#### [What is required]
Only one stretch of the material below is wanted: everything from the line containing "前の時間に、自分で作ったいろ" down to the line containing "调研组一行来到金鸡坡司法所,实地查看了金", both ends included. Repeat it exactly and skip the pictures.

#### [Material for the task]
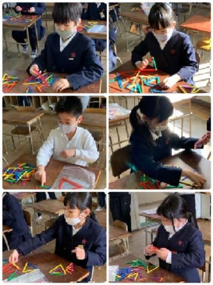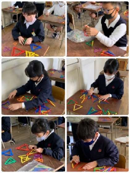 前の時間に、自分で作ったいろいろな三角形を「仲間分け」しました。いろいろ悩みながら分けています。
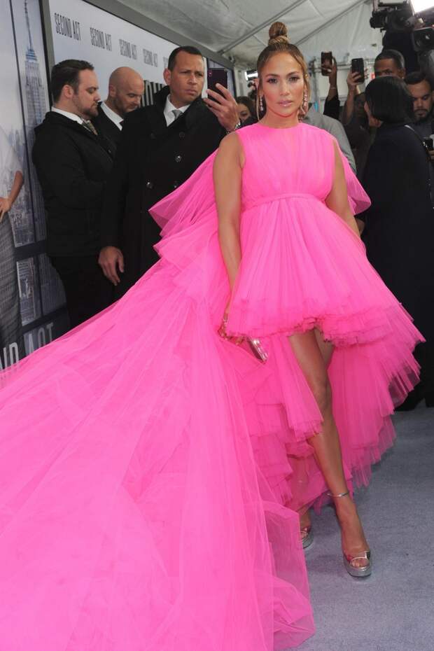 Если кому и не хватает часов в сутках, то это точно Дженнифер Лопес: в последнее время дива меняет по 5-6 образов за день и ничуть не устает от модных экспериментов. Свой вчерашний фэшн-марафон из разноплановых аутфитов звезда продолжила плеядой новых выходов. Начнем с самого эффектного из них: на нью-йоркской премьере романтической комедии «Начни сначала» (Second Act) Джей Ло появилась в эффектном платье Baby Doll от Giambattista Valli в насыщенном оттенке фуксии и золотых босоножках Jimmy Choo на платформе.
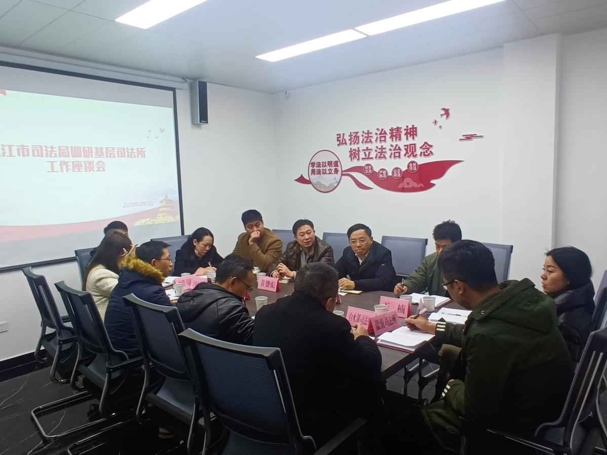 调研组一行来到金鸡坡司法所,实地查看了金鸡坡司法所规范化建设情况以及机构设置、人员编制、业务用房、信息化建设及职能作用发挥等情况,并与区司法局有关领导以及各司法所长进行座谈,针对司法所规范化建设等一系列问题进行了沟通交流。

...

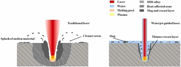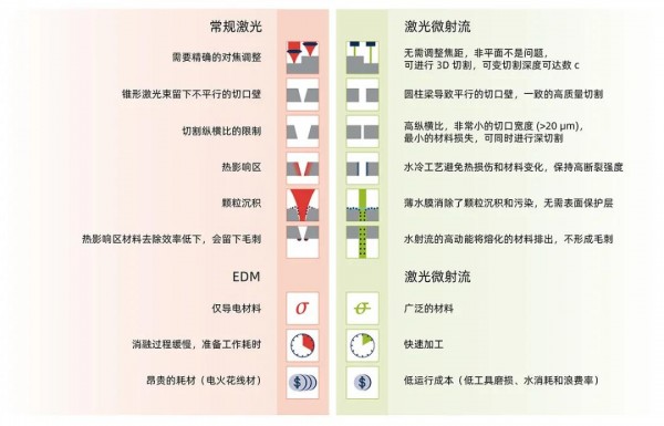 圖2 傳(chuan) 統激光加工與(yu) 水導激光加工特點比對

==

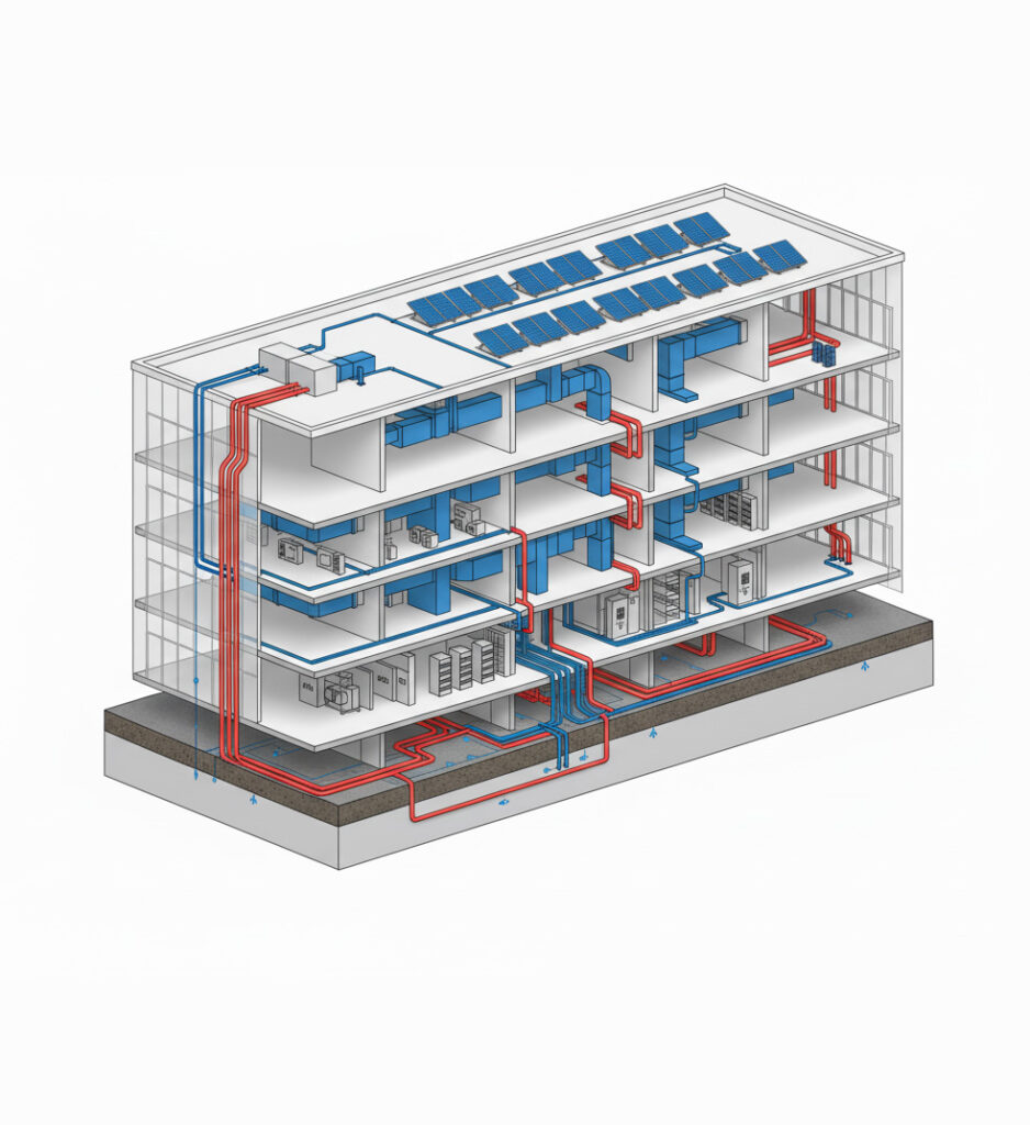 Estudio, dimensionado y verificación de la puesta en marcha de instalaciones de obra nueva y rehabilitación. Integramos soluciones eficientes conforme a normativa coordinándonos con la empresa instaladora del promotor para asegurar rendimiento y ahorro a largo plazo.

#### [The completed task]
 前の時間に、自分で作ったいろいろな三角形を「仲間分け」しました。いろいろ悩みながら分けています。
 Если кому и не хватает часов в сутках, то это точно Дженнифер Лопес: в последнее время дива меняет по 5-6 образов за день и ничуть не устает от модных экспериментов. Свой вчерашний фэшн-марафон из разноплановых аутфитов звезда продолжила плеядой новых выходов. Начнем с самого эффектного из них: на нью-йоркской премьере романтической комедии «Начни сначала» (Second Act) Джей Ло появилась в эффектном платье Baby Doll от Giambattista Valli в насыщенном оттенке фуксии и золотых босоножках Jimmy Choo на платформе.
 调研组一行来到金鸡坡司法所,实地查看了金鸡坡司法所规范化建设情况以及机构设置、人员编制、业务用房、信息化建设及职能作用发挥等情况,并与区司法局有关领导以及各司法所长进行座谈,针对司法所规范化建设等一系列问题进行了沟通交流。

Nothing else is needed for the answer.